Finally, since Digital Aladore is focused on a reading text (not maximum image fidelity) we need to think about the EPUB. I do not want to unnecessarily bloat the ebook size. The ScanTailor output comes in at 80 MB, way too big for an ebook. Instead, the quality and resolution should be appropriate to a small black and white screen. EPUB2 and most ereaders do not support TIF images, so we will need to convert the images to a more acceptable format and size.
Okay, here we go! Are you excited?
But wait, “post-processing”? Yeah, I guess its all in your point of view: I am calling it pre- because its processing before I feed it to Tesseract-OCR; they call it post- because you do it after scanning to make the images more usable. In any case, ScanTailor is basically a batch image editing platform optimized to enable efficient processing of unedited page scans into lovely readable pages for PDFs/DJVU, etc. You input any type of image file, and you output black and white TIFF page images. Many of the GUI OCR applications have similar processing built in–even Tesseract via command line does some image pre-processing. ABBYY goes a step further and does the final PDF creation as well.
It is limited (niche?), but what ScanTailor does, it does well and efficiently. And its Free. It runs on Windows and Linux, I use it with Ubuntu 14.
A full user guide can be found here: https://github.com/scantailor/scantailor/wiki/User-Guide
And here’s a nice video tutorial to get you started: http://vimeo.com/12524529
So what am I trying to do with ScanTailor?
As I described in an earlier post, every Aladore page image has a header and footer that will be annoying, ugly, and generally undesirable in our final EPUB edition. Furthermore, the header and footer tend to cause OCR errors, so they are hard to eliminate from the text output. None of the GUI OCR options managed to consistently select only the text block (ABBYY can identify headers, but it wasn’t 100% and didn’t separate the page numbers). The exact location of the text block wanders around from page to page, so we can not pre-set a selection area for groups of images. We could manually select the text block of each page via the interface of YAGF or OCRFeeder, but I found both too cumbersome to efficiently work through hundreds of pages. So as an alternative, I decided to crop each page down to the main text block before carrying out OCR.
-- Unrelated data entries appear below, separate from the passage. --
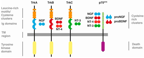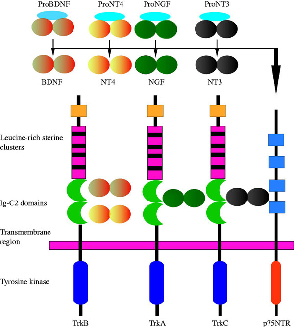 神經(jīng)營(yíng)養(yǎng)因子受體是一組與神經(jīng)營(yíng)養(yǎng)因子特異性結(jié)合的生長(zhǎng)因子受體。已發(fā)現(xiàn)的與神經(jīng)營(yíng)養(yǎng)因子對(duì)應(yīng)的受體有酪氨酸激酶受體的“ Trk”家族和p75NTR。p75NTR是一種低親和力的神經(jīng)營(yíng)養(yǎng)因子受體,所有神經(jīng)營(yíng)養(yǎng)因子都與之結(jié)合。它是腫瘤壞死超家族的成員。Trk家族包括TrkA,TrkB和TrkC,并且只與特定的神經(jīng)營(yíng)養(yǎng)因子結(jié)合,但有更高的親和力。Trks介導(dǎo)神經(jīng)營(yíng)養(yǎng)因子的功能信號(hào)。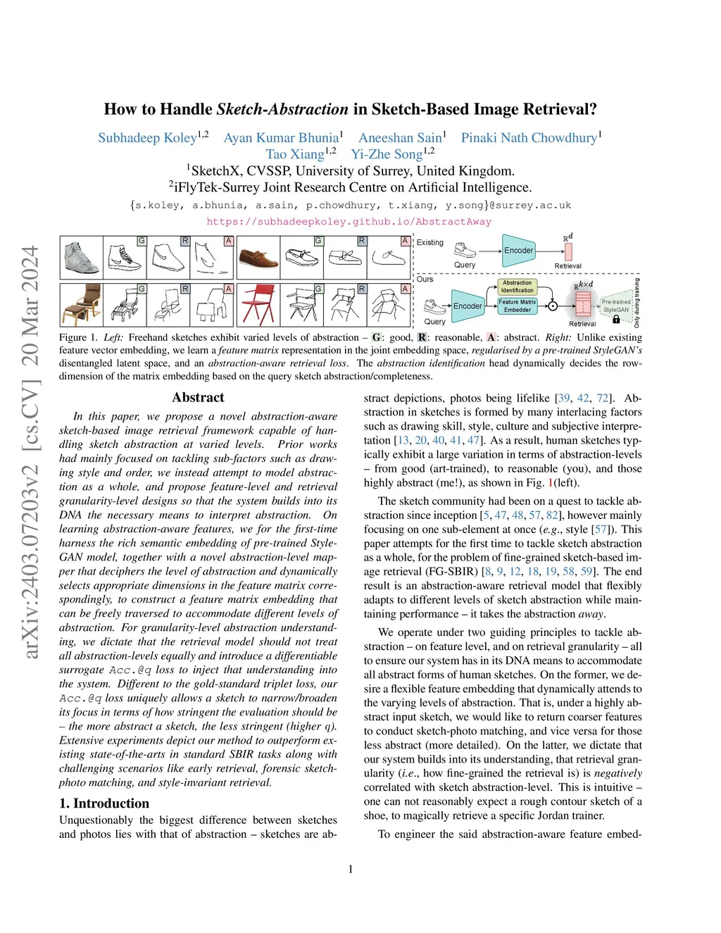 In this paper, we propose a novel abstraction-aware sketch-based image retrieval framework capable of handling sketch abstraction at varied levels. Prior works had mainly focused on tackling sub-factors such as drawing style and order, we instead attempt to model abstraction as a whole, and propose feature-level and retrieval granularity-level designs so that the system builds into its DNA the necessary means to interpret abstraction. On learning abstraction-aware features, we for the first-time harness the rich semantic embedding of pre-trained StyleGAN model, together with a novel abstraction-level mapper that deciphers the level of abstraction and dynamically selects appropriate dimensions in the feature matrix correspondingly, to construct a feature matrix embedding that can be freely traversed to accommodate different levels of abstraction. For granularity-level abstraction understanding, we dictate that the retrieval model should not treat all abstraction-levels equally and introduce a differentiable surrogate Acc.@q loss to inject that understanding into the system. Different to the gold-standard triplet loss, our Acc.@q loss uniquely allows a sketch to narrow/broaden its focus in terms of how stringent the evaluation should be - the more abstract a sketch, the less stringent (higher q). Extensive experiments depict our method to outperform existing state-of-the-arts in standard SBIR tasks along with challenging scenarios like early retrieval, forensic sketch-photo matching, and style-invariant retrieval.
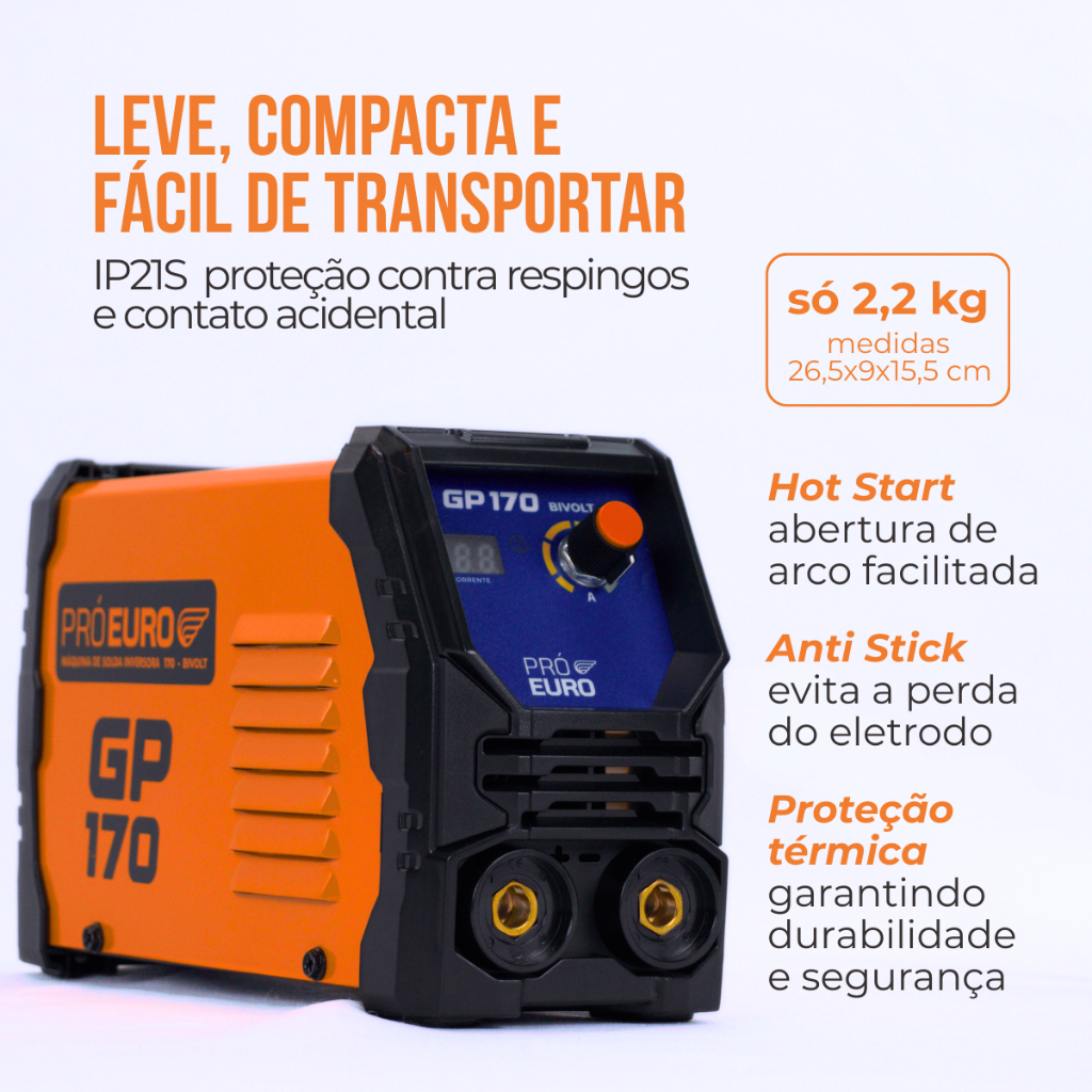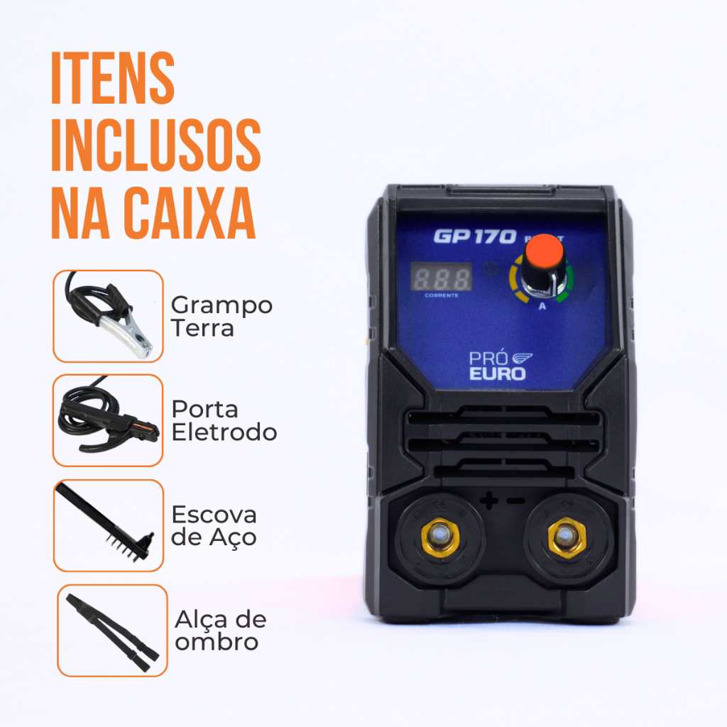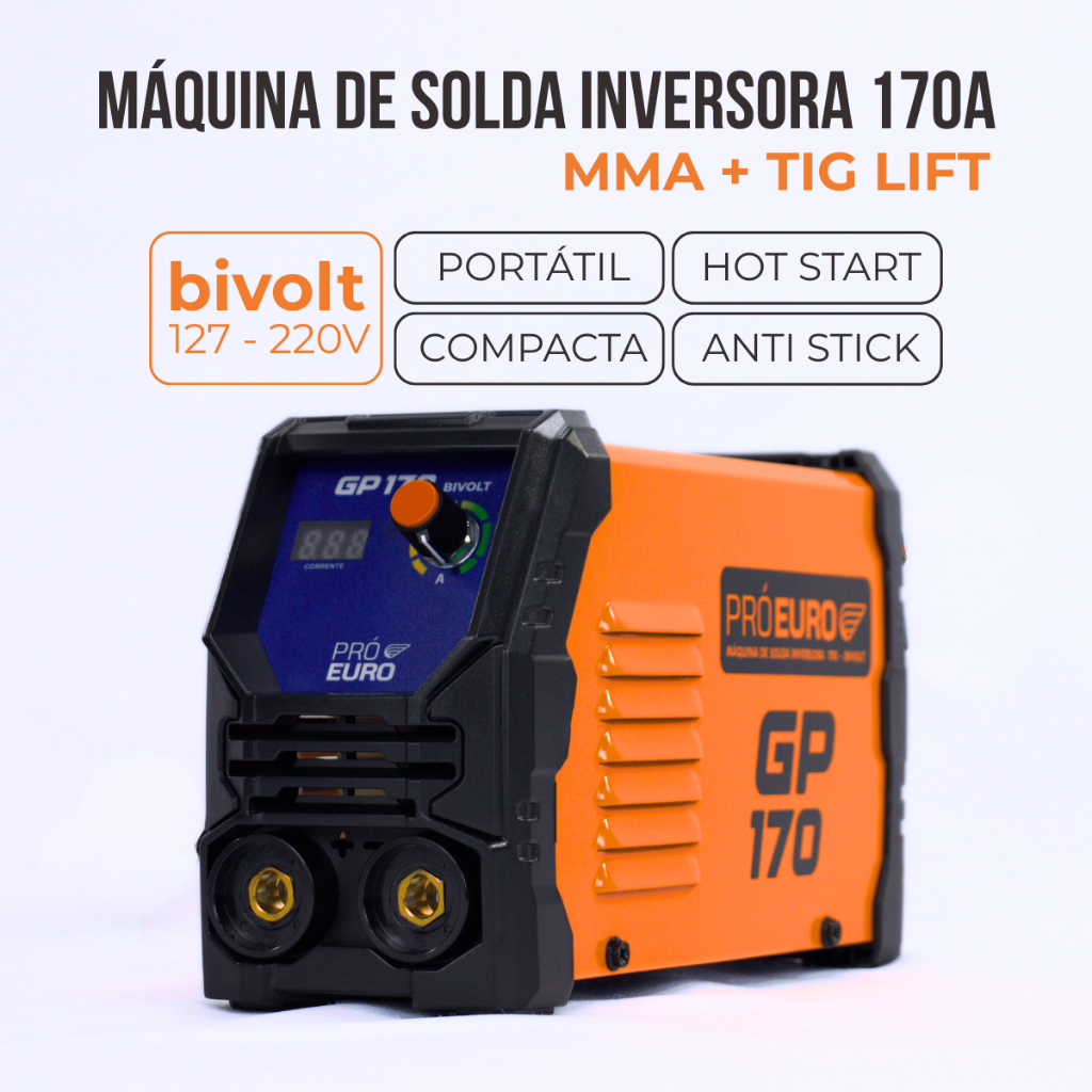 Máquina de Solda Inversora GP 170A Bivolt Pró Euro MMA TIG Lift Portátil Profissional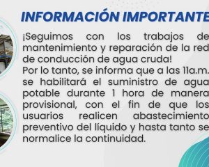 USUARIOS BARRIO EL CAMPESTRE Y BOSQUE ALTO.Se informa a los usuarios de los barrios mencionados que debido a daño en la red que bombea el agua potable a los tanque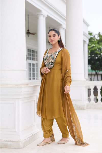 Embellished Kurta Paired With Salwar And Dupatta Fabric : Organza, Satin, Satin LiningEmbroidery : Hand work & Machine workColor : Brass GoldNo. Of Components : 3Care : Dry Clean OnlyDelivery...

ScanTailor can do this cropping efficiently and has the added bonus of excellent image processing to prepare the pages for OCR.
Here is my workflow:
1) Set up batches of images. I decided to work on about 60 pages at a time to make things more manageable: a large enough batch to be efficient, but not too large that it took a huge amount of time to work on. I divided Aladore into six sections (each in a directory), being careful to not break up any chapters.
2) Start a new ScanTailor project. i.e. Start the application and load one of the Aladore directories.
3) Fix DPI. Basically, you could estimate the DPI based on the pixel dimensions of the digital image divided by the physical dimensions of the area it was imaging (i.e. ~original printed page size). In his video tutorial, Joseph Artsimovich also gives a method to estimate based on measuring the pixel height of six lines of text in the image. I estimated my Aladore images to be between 300-400 DPI, but its not essential to get it exactly right. I decided to just use 300×300.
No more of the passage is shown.